When my time comes - to finally let go of it all - there are certain memories I want to cherish till the end. I’ve been collecting them awhile now, perhaps as an elder pondering his own mortality. It’s a strangely pleasant task, all in all. Glad that I was here, and there, and in so many similar as well as disparate places. So much shared, and so much kept quietly hidden. Now the poet Longfellow, steps into this quiet:

“Ships that pass in the night, and speak each other in passing, only a signal shown, and a distant voice in the darkness; So on the ocean of life, we pass and speak one another, only a look and a voice, then darkness again and a silence.”[1]

From my island shoreline

For over two dozen years now, I’ve been privileged to spend a week (sometimes more) on a remote uninhabited island in Lake Michigan, many night hours spent peering north across the water sometimes able to see some shore lights from the Upper Peninsula. And at times in the distant shiplanes, freighters and other Great Lake ships would trudge east and west festooned with their running and navigation lights. Then slowly to disappear.

Every once in awhile, when conditions were just right, day or night, there was a layer of water just below the surface, which would transmit to my solitary shoreline the soft thunder-like steady chug-chug drone of freighter engines. And then again, silence.

Engage - Release - Move on

A couple years ago I wrote in this Newsletter series, of a “rhythm of life” I called “Engage - Release - Move on.”[2] Here is the same rhythm I wrote of there. It can take place in a brief moment, or some days, weeks, months - or be the template for one’s entire lifetime.

In the Day / In the Night

Recently somewhere I came across a different iteration “Two ships passing in the daytime.” At that moment it felt so alien from the original - empty, soulless.
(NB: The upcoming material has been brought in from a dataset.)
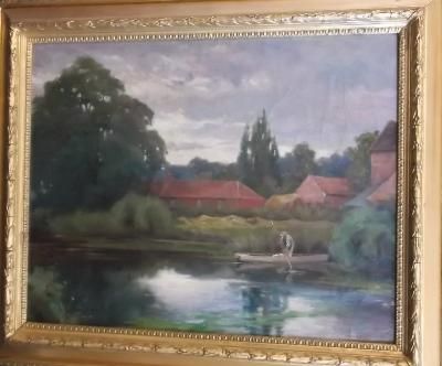 River Landscape, Man in Boat in the Foreground, Farm Buildings Beyond

That’s when I began contemplating this Newsletter topic.

The daytime is the time of the thinker, the worker, the builder. The night is the deeper time of the emotions, the dreamer, the lover, the sleeper, the soul at rest, the time of deeper healing. Yes, from the shoreline vantage of my island, I can see ships in the distance in the daylight. But when I see them ‘in the night’ it’s a much different experience. In the daylight, they are on a set course, going somewhere, destination-bound. In the night, they “pass” each other. In the daylight, it’s a mental experience. In the night it’s a soul experience - witnessed by a different part of my body.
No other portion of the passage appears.